The following algorithm describes these steps in detail.

void insert(Directory &dir, Record r_new) {
    /**
     * locate the page that _should_ contain `r_new`
     */
    Key key = get_key(r_new)
    Page p = lookup(dir, key)

    /**
     * if there is vacancy for one more record, then insert, and
     * we are done.
     */
    if p has vacancy {
        p.add(r_new);
    } 
    /**
     * page splitting is needed to create vacancy in the 
     * extended hash table.
     */
    else {
        // gather all the records we need to relocate in `all_records`
        // gather all their respective keys in `all_keys`
        vector<Record> all_records = get_records(p) $\cup$ {r_new}
        vector<BitVector> all_keys = {get_key($x$) : $x\in$ all_records};

        // make sure we choose a local_depth large enough
        // to distinguish the records.  This ensures that the
        // split pages will not be full.
        int d = longest_common_prefix(all_keys) + 1;

        // grow the directory if necessary
        while(dir->global_depth < d) {
            grow_directory(dir);
        }

        // get the number of distinct hash values of length d-bits.
        // This is the number of pages we need.
        vector<BitVector> distinct_hash = {$h$($k$|$d$) : $k\in$ all_keys}

        foreach(BitVector j $\in$ distinct_keys) {

            // create a new page for each d-bit hash value,
            // and move all the records with such hash value
            // to this page.
            Page p_new = allocate_new(); 
            p_new.local_depth = d;
            p_new.add({$x\in$ all_keys : h(get_key($x$)|d) == j});

            // update the directory table, so the D-bit hash values
            // are mapped to the right page address
            $D$ = dir->global_depth
            if($D$ > d)
                for(BitVector padding=0; padding < pow(2, D-d); padding ++) {
                    j2 = BitVector::concatenate(j, padding)
                    dir->table[j2] = get_address(p_new);
                }
            else
                dir->table[j] = get_address(p_new);
        }
    }
}

Example

Consider an extensible hash table as shown. It's global depth is 1, with two pages and three records.
If we are to grow it once, the global depth will be 2. While there are still two pages, the new directory can now index up to four pages.
Suppose that we are trying to insert a records with $k_3$ such that the hash value is $h(k_3) = 1010$. We are to first locate the page to insert the record into.
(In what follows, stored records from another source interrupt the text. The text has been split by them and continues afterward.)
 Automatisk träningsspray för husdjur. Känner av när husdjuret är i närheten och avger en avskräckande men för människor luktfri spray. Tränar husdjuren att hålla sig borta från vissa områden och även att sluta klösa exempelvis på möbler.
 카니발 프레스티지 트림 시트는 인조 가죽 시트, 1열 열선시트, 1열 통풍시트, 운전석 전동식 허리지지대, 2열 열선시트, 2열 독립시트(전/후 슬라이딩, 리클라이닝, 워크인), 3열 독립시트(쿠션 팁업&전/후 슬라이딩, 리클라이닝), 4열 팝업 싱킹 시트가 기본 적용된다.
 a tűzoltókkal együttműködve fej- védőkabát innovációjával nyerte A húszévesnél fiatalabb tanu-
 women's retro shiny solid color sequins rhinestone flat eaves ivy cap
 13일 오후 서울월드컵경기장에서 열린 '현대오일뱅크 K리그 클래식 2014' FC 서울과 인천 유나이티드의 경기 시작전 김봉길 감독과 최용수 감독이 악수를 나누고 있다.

Since the page is full, we need to split the page.

The keys of the records are:

  • 1001
  • 1010
  • 1100

One can observe that the common prefix is 1, so the new local depth must be 2. The records are to be distributed according to the first two bits of their hash values:

  • page1 = (1001, 1010)
  • page2 = (1100)

Finally, we need to update the directory table such that 10 points to page1 and 11 points to page2.

This is the final extended hash table.